= Joyce Currie Little =

American computer scientist (1934–2023)

Joyce Currie Little (January 20, 1934 – October 1, 2023) was an American computer scientist, engineer, and educator. She was a professor and chairperson in the Department of Computer and Information Sciences at Towson University in Towson, Maryland.

==Background and education==
Little received a B.S. in Mathematics Education from the Northeast Louisiana University in 1957, an M.S. in applied mathematics from the San Diego State University in 1963, and a PhD in educational administration for computing services from the University of Maryland, College Park, in 1984.
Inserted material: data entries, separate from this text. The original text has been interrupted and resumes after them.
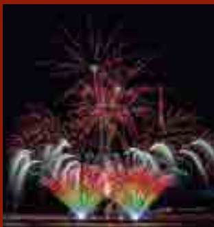
大曲の花火 「新作花火コレクション」 開催日：毎年4月下旬予定
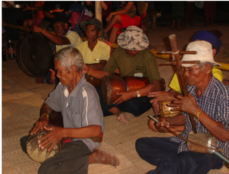
ภาพที่ 19 การบรรเลงดนตรีประกอบพิธีเรือมมะมั่วด

ความสำเร็จของพิธีเรือมมะมั่วด มีดนตรีเป็นส่วนประกอบที่สำคัญที่จะทำให้บรรลุตามวัตถุประสงค์ของผู้เข้าร่วมพิธี รวมทั้งแบบแผนทางวัฒนธรรมที่มีแนวทางการปฏิบัติยึดถือร่วมกัน เช่น การจัดสถานที่ เครื่องเช่นบูชา ความเชื่อเรื่องทิศทางและกาลเวลา (ฤกษ์ยามยามดี) และที่สำคัญการใช้ระบบความสัมพันธ์ของชุมชนเข้ามามีส่วนร่วม หรือ ที่เรียกว่า “วัฒนธรรมบำบัด” ปฏิบัติการความสัมพันธ์ของผู้ที่เข้าร่วมพิธีที่มีต่อกันถือว่าเป็นปัจจัยสำคัญที่จะสร้างบรรยากาศให้ผู้เข้าร่วมพิธีทุกคนมีความสุขทางใจและทางกาย บุคลิกภาพ มนุษยสัมพันธ์ และความสามารถของนักดนตรี ที่จะสร้างบรรยากาศให้สนุกกรีกกรื้นล้วนแต่เป็นองค์ประกอบที่จะทำให้พิธีเรือมมะมั่วดมีผลตามวัตถุประสงค์ของการจัดพิธีขึ้นมา
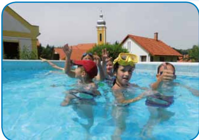
Po ogledu Kuharjeve spominske hiše na Gornjem Seniku so se veselo namakali v bazenu

Zadnji dan je bil namenjen obisku znamenitosti v Prekmurju: udeleženci so si najprej ogledali Expano v Murski Soboti, nato pa še Vulkanijo na Gradu na Goričkem. »Vse naše aktivnosti smo prilagodili dinamiki starostne skupine. Veliko so ustvarjali in se tudi gibali, saj je poletje. Vmes pa smo se seveda veliko pogovarjali v slovenščini,« je za zaključek sekretarka Nikoletta povedala o 2. Poletnem slovenskem taboru, ki sta ga finančno podprla Sklad Gábor Bethlen in
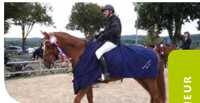
• Championnat de France à Cluny 2015

L'AJA est une association internationale (Association of Jumping Riding Ambassadors) qui regroupe en tout 300 membres (femmes de plus de 45 ans et hommes de plus de 50 ans) et dont l'activité
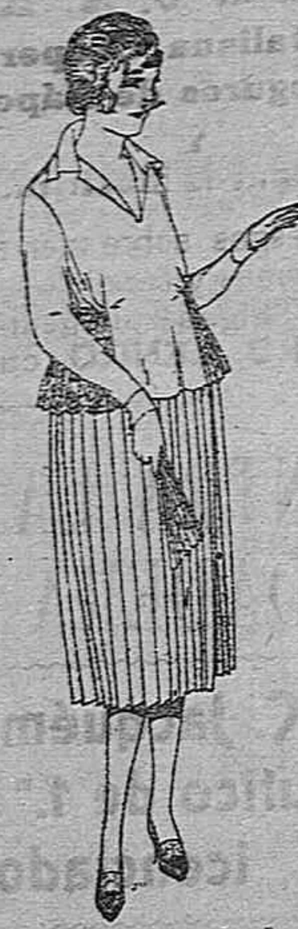
Blusas de velo de algodón, blanco y negro, adornos bordados, de ptas. 16 a 22
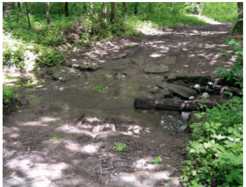
2 Furt durch den Häringswiesenbach.
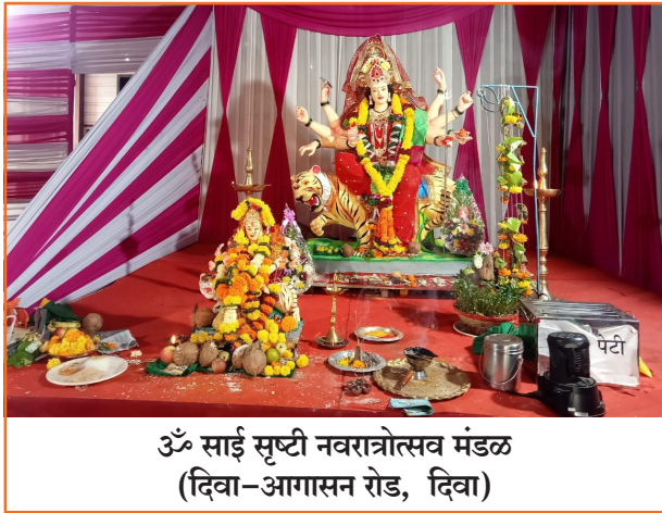
ॐ साई सृष्टी नवरात्रोत्सव मंडळ (दिवा-आगासन रोड, दिवा)
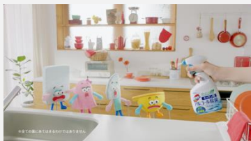
ジョンソン・エンド・ジョンソン | カピキラー
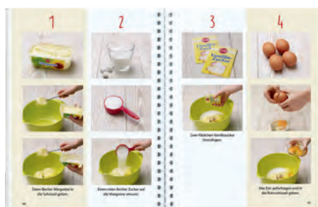
Schritt für Schritt nach Bild- vorlage die Zutaten zum Teig verarbeiten
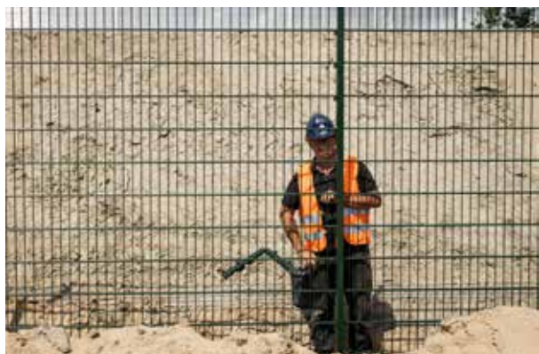
Het hekwerk langs het opstel terrein wordt geplaatst.
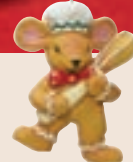
MIŠKA Velikost: 8 cm. 4,39 EUR/kos
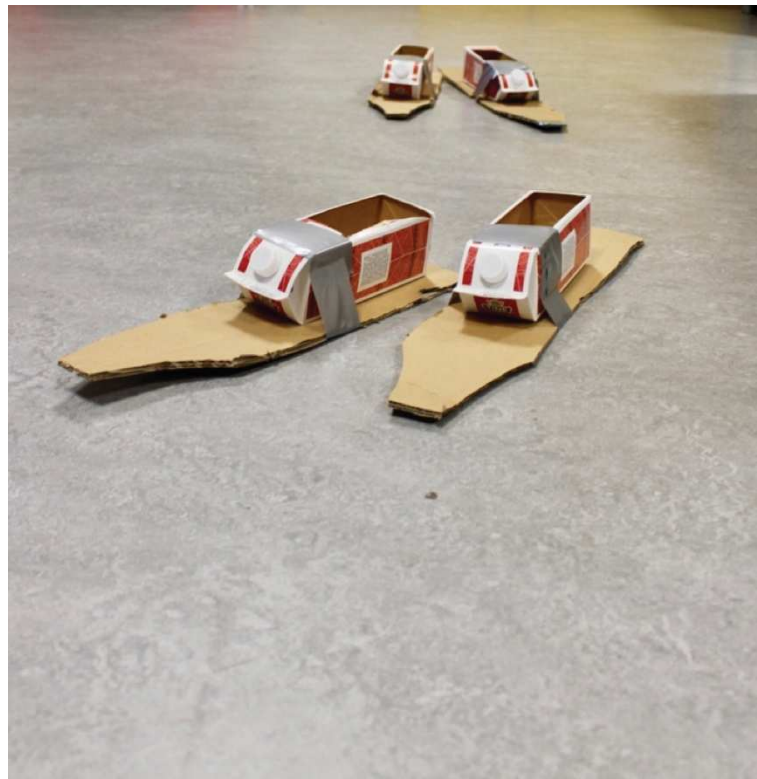
Figur 7. Nyåpning: Melkekartongski 2.
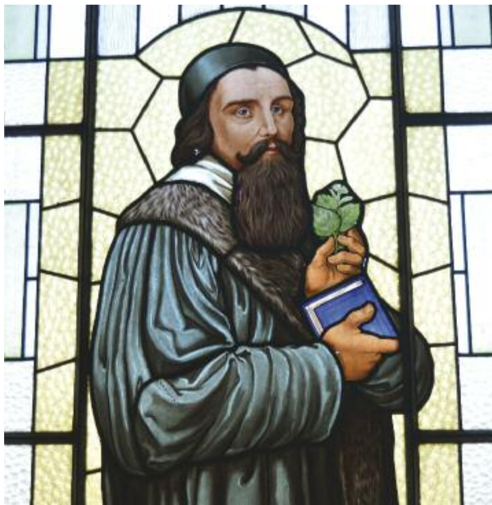
Vitráž ve sboru Církve československé husitské v Mnichovicích
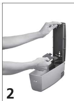
2 Ta bort de gamla plattorna.
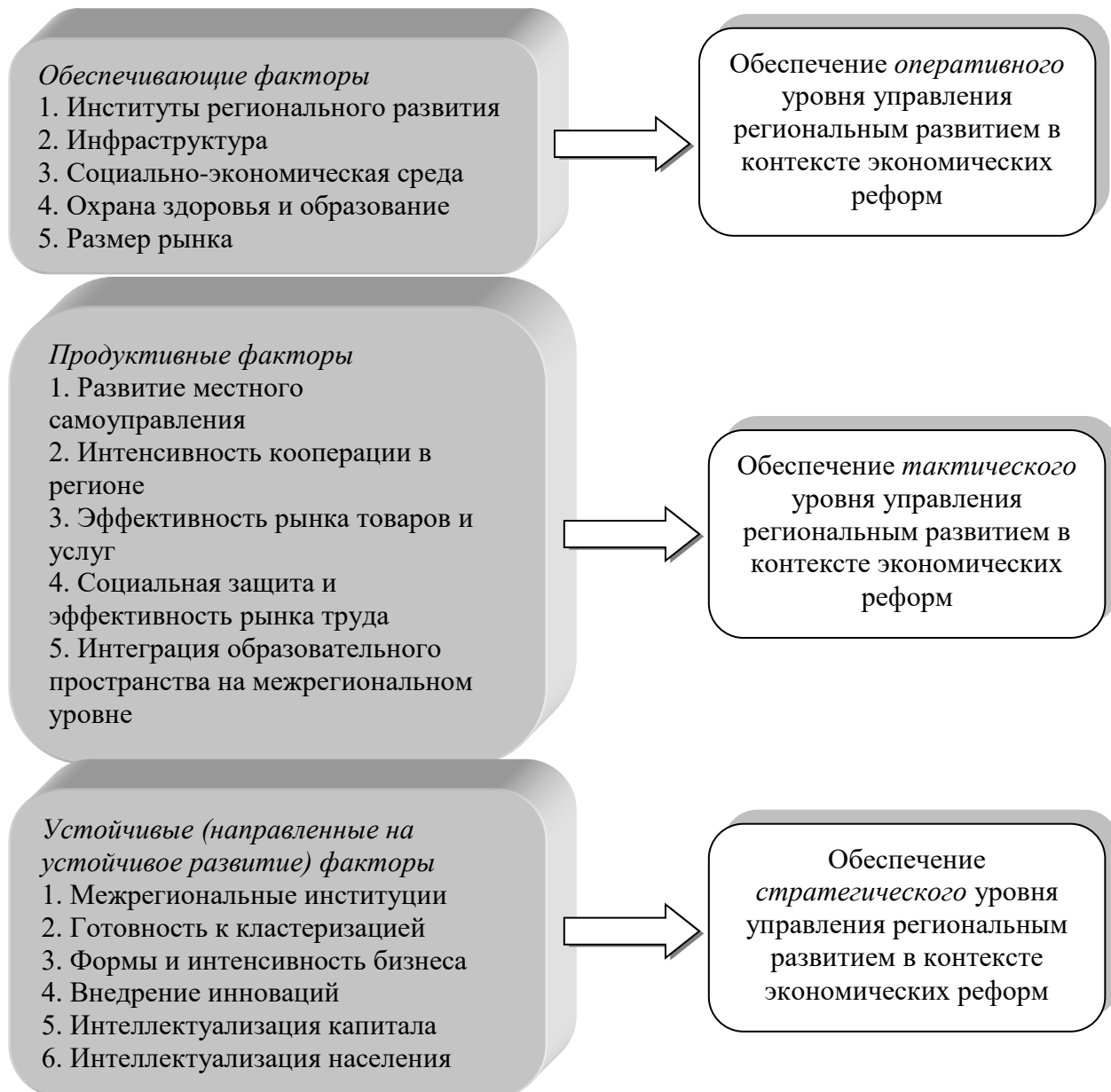
Рисунок 1 – Факторы регионального экономического развития, которые необходимо учитывать для реализации экономических реформ

развития регионов Украины уже закреплены нормативно в Законе Украины «Про основы государственной региональной политики» (№ 156-VIII от 05.02.2015 г.), как общий замысел и конструктивный принцип деятельности государства, определяющий главную цель государственной политики относительно регионального развития, основные ее направления и задачи, которые следует решить для ее достижения.
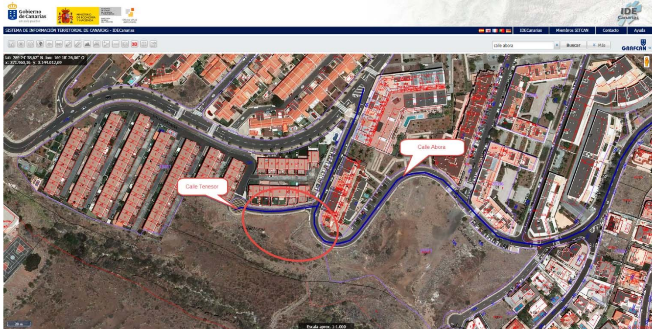
IMAGEN GENERAL DEL ÁMBITO
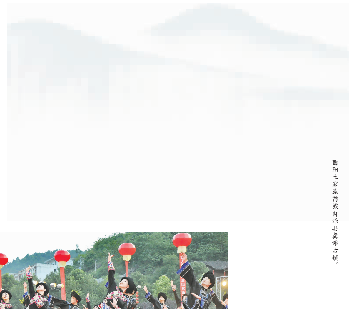
酉阳土家族苗族自治县龚滩古镇。
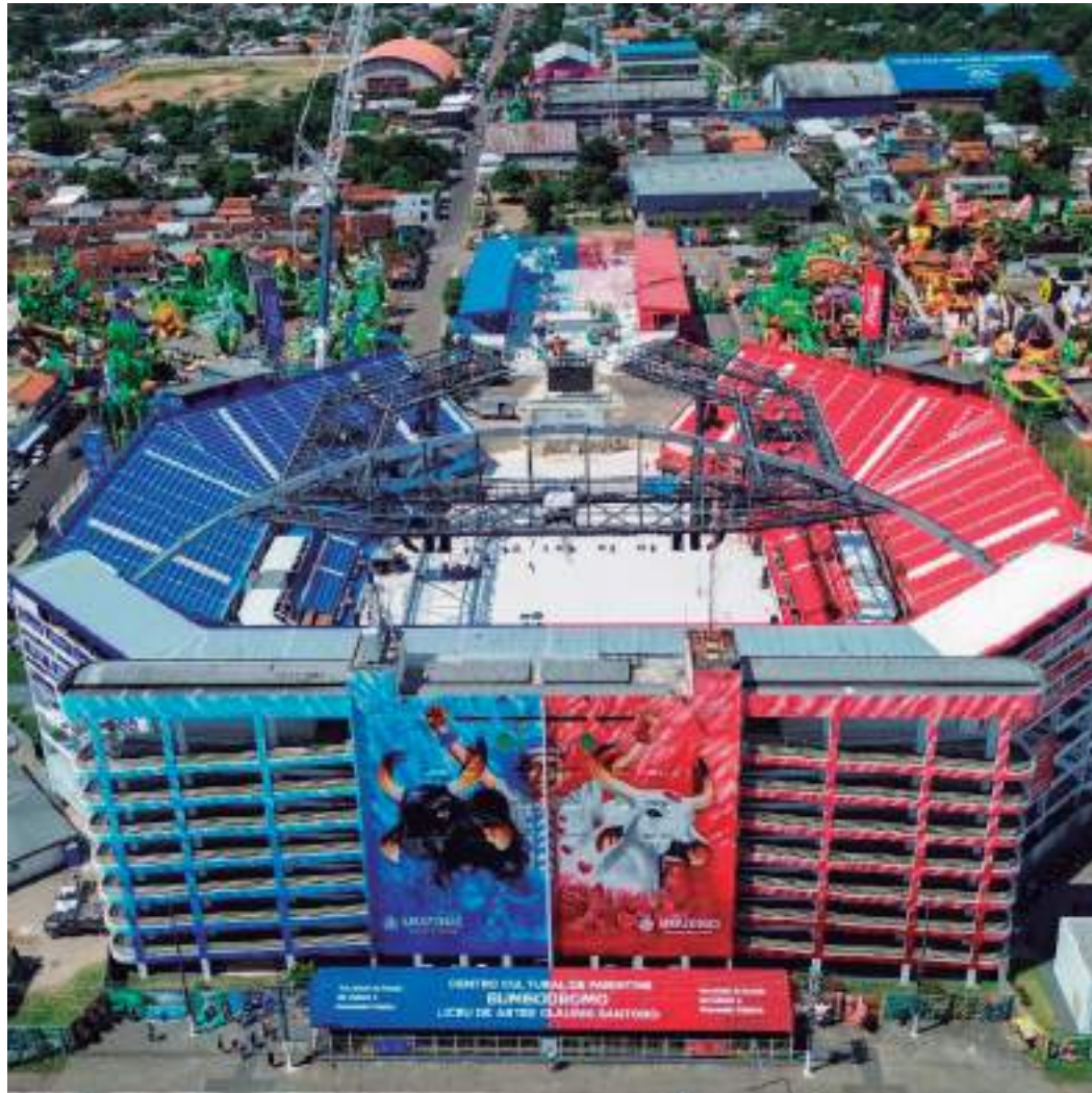
Agendamentos seguirão o mesmo formato de 2023, com reservas para visitas do dia seguinte

A visita guiada acontece de forma gratuita dentro do Bumbódromo, onde também está localizado o Liceu de Artes e Ofícios Cláudio Santoro - Unidade Parintins. Serão oferecidas cerca de 800 vagas ao longo de cinco dias. Cada dia terá um total de 160 pessoas que previamente agendaram as visitas através do portal cultura.am.gov.br.
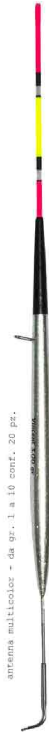
Garda multicolor Art. 053
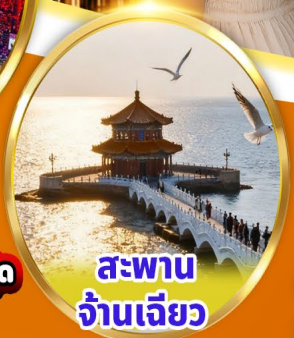
สะพาน จ้านเจียว
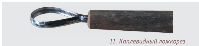
11. Каплевидный ложкорез

Каплевидные или кольцевидные ложкорезы. Эти инструменты объединили в себе функции левого и правого ложкореза (см. фото 11, 12). Ими можно работать как на себя, так и от себя.
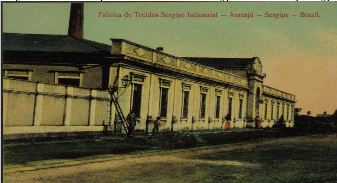
Imagem 01 – Bloco industrial pertencente a Fábrica de Tecidos Sergipe Industrial – Aracaju – Sergipe.
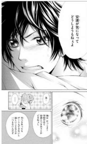
センセイの彼女 © 京町妃紗／小学館

そんな牡羊座と相性がいいのは、あなたを甘えさせてくれる年上の男子。つい強がってしまいがちなあなたを受け止め、導いてくれる相手がおすすめです。
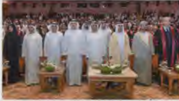
نهيان بن مبارك لدى حضوره حفل التخرج (وام)
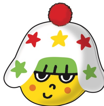
ホシオくんクッション
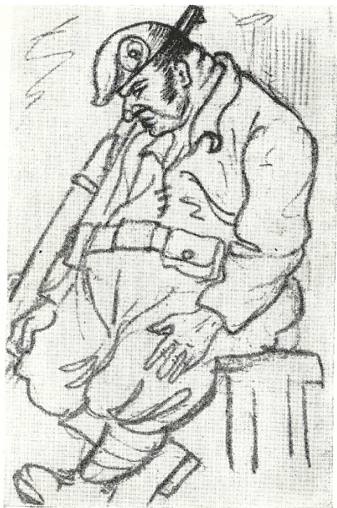
Э.Г. Багрицкий. Национальный гвардеец 1933 г.

25. Отплясывают запахи в ноздрях, Тиранствует летучее добро в них, И, фыркая, бормочет на жаровнях Съестной товар промасленных нерях».

==Career and achievements==
While in graduate school in San Diego, California, Joyce Currie Little worked in the aerospace industry as a computational test engineer. From 1957 to 1960, she developed programs to analyze data from models being tested in a wind tunnel for Convair Aircraft Corporation in San Diego.

After completing her M.S., Little moved to Maryland and accepted a position at Goucher College teaching statistics and managing a computer centre. She also began work on her Ph.D. at the University of Maryland, College Park. In 1967, she became the chairperson of the Computer and Information Systems Department at the Community College of Baltimore. She moved to Towson University in Towson, Maryland, in 1981, where she was named Chairperson of the Department of Computer & Information Sciences in 1984. She had been an active member of the Association for Computing Machinery (ACM) for many years and received their Distinguished Service Award in 1992.

Her service to the broad computing community spans some 20 years and includes significant contributions to curriculum development, certification standards, vocational education and professional ethics.

Little received the SIGCSE Award for Lifetime Service to the Computer Science Education Community for her contributions to computing in two-year colleges, certification, and professional development.

==Research interests==
Dr. Little's research interests included metrics and quality assurance in software engineering and social impact and cyber-ethics for workforce education. She has also been a strong advocate for the role of women in computing. Her later activities included a project on the evaluation of computer ethics courses in the Computer Science major at Towson University, and a project on the social impact of certification on the industry.

==Memberships==
- Fellow, Association for Computing Machinery
- Association for Information Technology Professionals
- Fellow, American Association for the Advancement of Science
- Institute of Electrical and Electronics Engineers
- International Society for Technology in Education
- Maryland Association for Educational Uses of Computers, Inc.

==Death==
Little died on October 1, 2023, at the age of 89.